Начав жаловаться, толстяк уже не в силах остановиться. Достается и временам — хуже не бывает, и делам — идут из рук вон плохо!
Писец Апроний почтительно внимает излияниям, сильно наклонившись вперед — поза крайнего внимания; пальцы комкают собранный на коленях подол. Он знает, что Лентул не только стяжал всеобщее уважение своими успехами в делах, но и сделал заметную политическую карьеру в Риме. В Капуе он объявился всего два года назад и основал гладиаторскую школу, уже завоевавшую хорошую репутацию. Его деловые связи оплели наподобие паутины всю Италию и заморские провинции; его агенты закупают двуногое сырье на всех невольничьих рынках и сбывают его, превратив годовыми тренировками в образцовых гладиаторов, в Испании, на Сицилии, азиатским владыкам. Лентул добился такого успеха верностью принципам: он прибегает к услугам только известных учителей и врачей. Но главное — его способность подчинить гладиаторов железной дисциплине: побежденные, они никогда не просят пощады, принимают перед смертью изящные позы и ничем не раздражают зрителей.
«Жить может любой, — твердит он своим гладиаторам, — а вот смерть — это искусство, которым приходится овладевать». Благодаря своему умению умирать благородно и красиво гладиаторы Лентула приносили доход на добрые пятьдесят процентов больше, чем ученики любой другой школы.
Но, выходит, дурные времена не обошли стороной даже счастливчика Лентула. Писцу это как бальзам на душу, он даже готов сострадать великому человеку. Тот откровенничает:
— Видишь ли, добрый человек, все устроители игр сейчас в затруднении, а виновата в этом публика. Она больше не ценит умелых, выдрессированных борцов. Получается, что все траты на их подготовку — напрасный расход. Ныне количество подменяет собой качество, публике хочется, чтобы всякое представление походило на разрывание людей дикими зверями. Представляешь ли ты, что это означает для моей профессии?

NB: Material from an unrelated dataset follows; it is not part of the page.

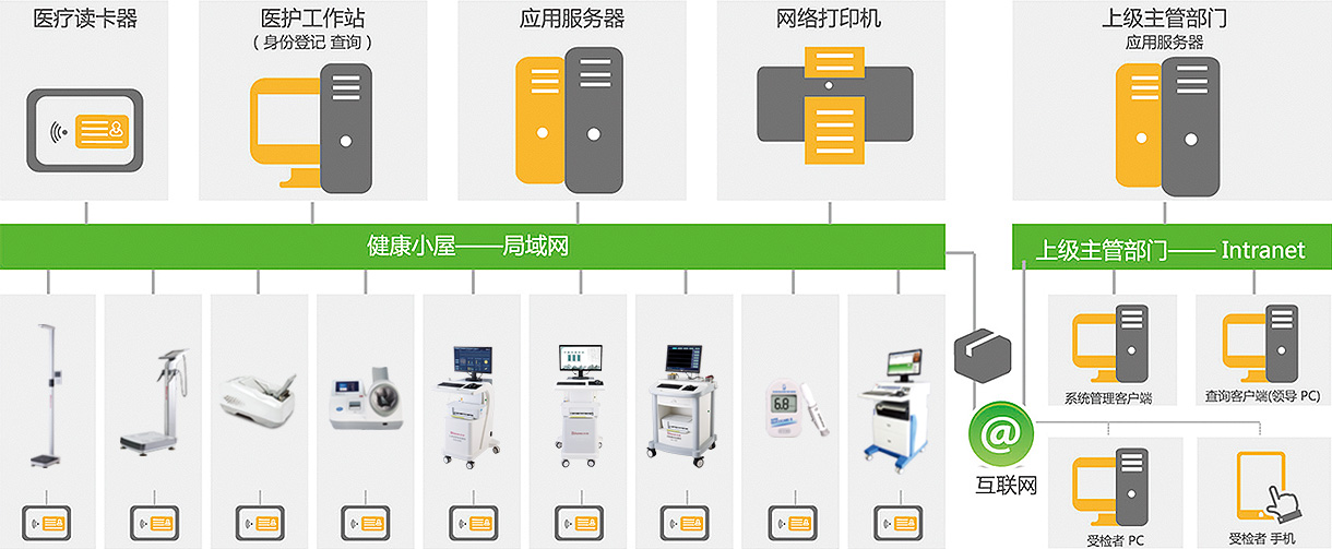 小屋內(nèi)設(shè)備可少至數(shù)臺(tái),多至十幾臺(tái),可根據(jù)客戶(hù)需求配置個(gè)性化健康小屋。

Очень просто: в классической дуэли двух борцов падеж равен, как ты догадываешься, одному участнику из двух, или пятидесяти процентам. Накинь еще десяток процентов на смертельно раненых — и мы получаем шестьдесят процентов потерь на каждом выступлении! С такими издержками впору ноги протянуть! А публике подавай еще зверей! Ей хочется щекотки для нервов, и плевать, что в этом случае потери вырастают до восьмидесяти пяти — девяноста процентов. Третьего дня наставник моего сына, очень способный математик, подсчитал, что шанс гладиатора проработать три года равен одному из двадцати пяти. Логика подсказывает, что хозяин должен возмещать за полтора-два представления все свои затраты на этого гладиатора.